Link Traversal Query Processing

Link Traversal
Query Processing

Query execution by following links between documents

Ruben Taelman

Ghent University – imec – IDLab, Belgium

SPARQL processing over centralized data

Dataset is collocated with query engine
All data is known beforehand
Single dataset
Combining multiple datasets is hard

Centralization not always possible

Private data (Solid)
Technical and legal reasons
Evolving data
Requires continuous re-indexing
Web scale data
Indexing the whole Web is infeasible for non-tech-giants

How to query over decentralized data?

Data and query engine are not collocated
Query engine runs on a separate machine
Not just one datasets
Data is spread over the Web into multiple documents

Approaches for querying over decentralized data

Federated Query Processing
Distributing query execution across known sources
Link Traversal Query Processing
Local query execution over sources that are discovered by following links

Federated Querying
Link Traversal
Optimizations
Open problems

Federated Querying
Link Traversal
Optimizations
Open problems

Client distributes query over query APIs

Clients do limited effort
Split up the query, distribute it (source selection), and combine results
Servers perform most of the effort
They actually execute the queries, over potentially huge datasets

Federation over SPARQL endpoints

Servers are SPARQL endpoints (most common)
They accept any valid SPARQL query
Client-side source selection
Rewrite query in terms of SERVICE clauses

SELECT ?drug ?title WHERE {
  ?drug db:drugCategory dbc:micronutrient.
  ?drug db:casRegistryNumber ?id.
  ?keggDrug rdf:type kegg :Drug.
  ?keggDrug bio2rdf:xRef ?id.
  ?keggDrug purl:title ?title.
}

SELECT ?drug ?title WHERE {
  SERVICE <http://example.com/drb> {
    ?drug db:drugCategory dbc:micronutrient.
    ?drug db:casRegistryNumber ?id.
  }
  SERVICE <http://example.com/kegg> {
    ?keggDrug rdf:type kegg :Drug.
    ?keggDrug bio2rdf:xRef ?id.
    ?keggDrug purl:title ?title.
  }
}

Federation over heterogeneous sources

Servers are not only SPARQL endpoints
Other types of Linked Data Fragments: TPF, WiseKG, brTPF, ...
Different levels of server expressivity
Clients may have to take up more effort
Executing parts of queries client-side
Trade-off between server and client effort
Low-cost publishing and preventing server availability issues

Limitations of federated querying

All federation members must be known before execution starts
Source selection distributes query across list of sources
No discovery of new sources
Limited scalability in terms of number of endpoints
Current federation techniques scale to the order of 10 sources

Federated Querying
Link Traversal
Optimizations
Open problems

Exploit interlinking of documents

Linked Data documents are linked to each other
Following the Linked Data principles
Query engine can follow links
Start from one document, and discover new documents on the fly

Link Traversal-based Query Processing

= Querying by following links between documents

Example: decentralized address book

Example: Find Alice's contact names

SELECT ?name WHERE {
    <https://alice.pods.org/profile#me>
        foaf:knows ?person.
    ?person foaf:name ?name.
}

Query process:

Start from Alice's address book
Follow links to profiles of Bob and Carol
Query over union of all profiles
Find query results: [ { "name": "Bob" }, { "name": "Carol" } ]
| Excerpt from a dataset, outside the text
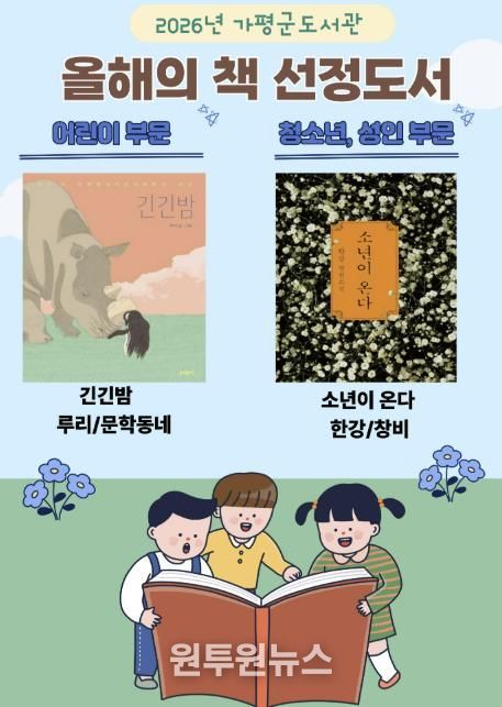 (원투원뉴스) 가평군도서관이 군민의 독서 문화 확산을 위해 ‘2026년 올해의 책’으로 루리 작가의 『긴긴밤』과 한강 작가의 『소년이 온다』를 선정했다.

The Link Traversal Query Process

Link queue: stores links to documents that need to be fetched

1. Initialize link queue with seed URLs
Seed URLs can be user-defined, or derived from query
2. Iterate and append link queue
Iteratively pop head off queue, and follow link to document

Add all URLs in document to link queue
3. Execute query
Over union of all discovered RDF triples

Example: Evolution of the Link Queue (1)

Initialize link queue with seed URL(s)

https://alice.pods.org/profile

Example: Evolution of the Link Queue (2)

Follow link to head of queue

https://alice.pods.org/profile

Example: Evolution of the Link Queue (3)

Push URLs in `https://alice.pods.org/profile` to queue

https://alice.pods.org/profile
https://bob.pods.org/profile
https://carol.org/

</profile#me> :knows
  <https://bob.pods.org/profile#me>,
  <https://carol.org/#i>.

No need to re-add link to https://alice.pods.org/profile

Example: Evolution of the Link Queue (4)

Remove handled link from queue

https://bob.pods.org/profile

https://carol.org/

Example: Evolution of the Link Queue (5)

Follow link to head of queue

https://bob.pods.org/profile
https://carol.org/

Example: Evolution of the Link Queue (6)

No more URLs found in `https://bob.pods.org/profile`

https://bob.pods.org/profile
https://carol.org/

</profile#me> :name "Bob";
  :email <mailto:bob@mail.org>;
  :telephone "0499 12 34 56".

mailto:bob@mail.org is not an HTTP(S) link that can be followed

Example: Evolution of the Link Queue (7)

Remove handled link from queue

https://carol.org/

Example: Evolution of the Link Queue (8)

Follow link to head of queue

https://carol.org/

Example: Evolution of the Link Queue (9)

No more URLs found in `https://carol.org/`

https://carol.org/

</#i> :name "Carol";
  :email <mailto:i@carol.org>;
  :telephone "0499 11 22 33".

Example: Evolution of the Link Queue (10)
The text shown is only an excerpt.